If you confront a narcissist, stay focussed on what you’re confronting them about. And don’t let them shift the focus onto you.
Narcissist Denials
Narcissists may deny until the end of time. Even if you’ve clear evidence.
I’ve seen them deny taking money out of a purse. Even when they were caught red handed!
It’s frustrating, but they know if they continue to deny, there’s a small shred of doubt in your mind. And they play on this.
Narcissist Gaslighting
Narcissists might rewrite history to get themselves off the hook. They change the facts of things that happened. Even though you both know the truth. They do this to get you to doubt your sense of reality.
Once you doubt your sense of reality, they know they can get away with ANYTHING. And they’ll use this as their get out clause for everything. “You know you have a bad memory.”
If you spend a lot of time with them, and they do this a lot, it can cause psychological damage.
Provoke You
Narcissists know their significant others weak spots. Things they’re sensitive about. Narcissists spend a lot of time observing what sets you off. Because they know they can use this to their advantage.
When they know they’re wrong, they use things you’re sensitive about to provoke you. They bring up your issues to provoke you into getting angry. If you’re paranoid about you job, they’ll bring that up.
When you react angrily, they change the argument to be about your reaction. “Why did you call me that?!” And because you’re angry, it’s easy to lose focus.
Try to stay calm, and don’t react to their provocations. And keep in mind your original point.
Blame You
Narcissists are skilled at turning things they’ve done into YOUR fault. “You drove me to it.” They may even use twisted logic. They don’t care, as long as they can pass the blame on to you.
Narcissists sometimes try to gain a positive out of their negative behaviour. “I cheated on you because you didn’t love me enough.” That’s actually them demanding you love them MORE because of their crappy behaviour!
Play The Victim
Narcissists sometimes bring up things from their past as an excuse for their behaviour. They may be related, or completely unrelated. “You know I had a bad upbringing.”
If they’re female, they might turn on the water works. And blame themselves in an over-the-top way. They know most people feel sorry for them, and ease up. But they’re crocodile tears. Totally fake. Designed to get them off the hook.
Downplaying
Narcissists sometimes try to act like it’s no big deal. “Yeah, so what?” This can be confusing. And may get you to question whether you’re overreacting. And they know this.
My ex tried to act as if nothing had happened, the day after I confronted her about cheating. Hoping I’d act normal and let it slide. Yeah right!
Ask yourself, how would they react if you did the same thing to them. And would you feel justified in getting off the hook if you did it?
Final Thoughts
Narcissists often switch between these tactics until they find the one that works. I’ve watched them do this. And they’ll do it even if it means contradicting themselves. For instance they might deny that it ever happened, then blame you.

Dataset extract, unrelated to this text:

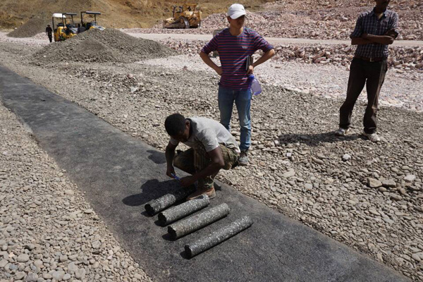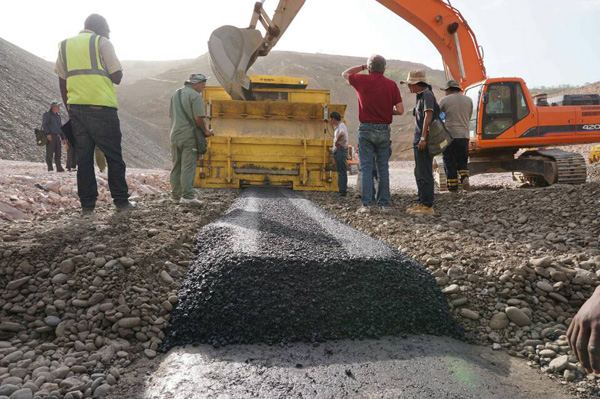 公司高度重視Wolkite瀝青混凝土芯墻的建設(shè),成立了以黃生寶為經(jīng)理的項(xiàng)目組領(lǐng)導(dǎo)班子,選派了一批技術(shù)過(guò)硬、經(jīng)驗(yàn)豐富、善于學(xué)習(xí)的技術(shù)和操作人員,并從國(guó)內(nèi)專門聘請(qǐng)從事該方面工作的專家親赴現(xiàn)場(chǎng)進(jìn)行技術(shù)指導(dǎo)和把關(guān)。在公司董事會(huì)的正確領(lǐng)導(dǎo)下,項(xiàng)目部全體成員緊緊圍繞著Wolkite瀝青混凝土芯墻項(xiàng)目全力施工。本著特事特辦的原則,國(guó)內(nèi)后勤組緊急采購(gòu)發(fā)送了一大批施工設(shè)備,為項(xiàng)目開(kāi)好頭打下了堅(jiān)實(shí)的基礎(chǔ)。為了優(yōu)質(zhì)高效地完成任務(wù),項(xiàng)目組全體人員精誠(chéng)團(tuán)結(jié)、夙興夜寐,不計(jì)白天黑夜,不管分內(nèi)分外,取得的成果得到了業(yè)主和監(jiān)理的肯定。從制定施工方案和技術(shù)指標(biāo),到裝配實(shí)驗(yàn)儀器和施工設(shè)備,從悶熱的室內(nèi)配合比工作,到烈日炎炎下的現(xiàn)場(chǎng)施工,無(wú)不凝結(jié)著大家的智慧與汗水。

But how can they blame you for something that didn’t happen?! If you listen closely, they often slip up.
Stay calm and remain focussed on what you want to say. They don’t want a rational discussion. They want to turn it into a messy emotional argument. That way they’re less likely to be exposed. They don’t want to hear the cold hard facts.
It’s frustrating and draining. But if you avoid getting emotionally involved, it’s less draining. Keep calm, stay focused, and stick to your original point.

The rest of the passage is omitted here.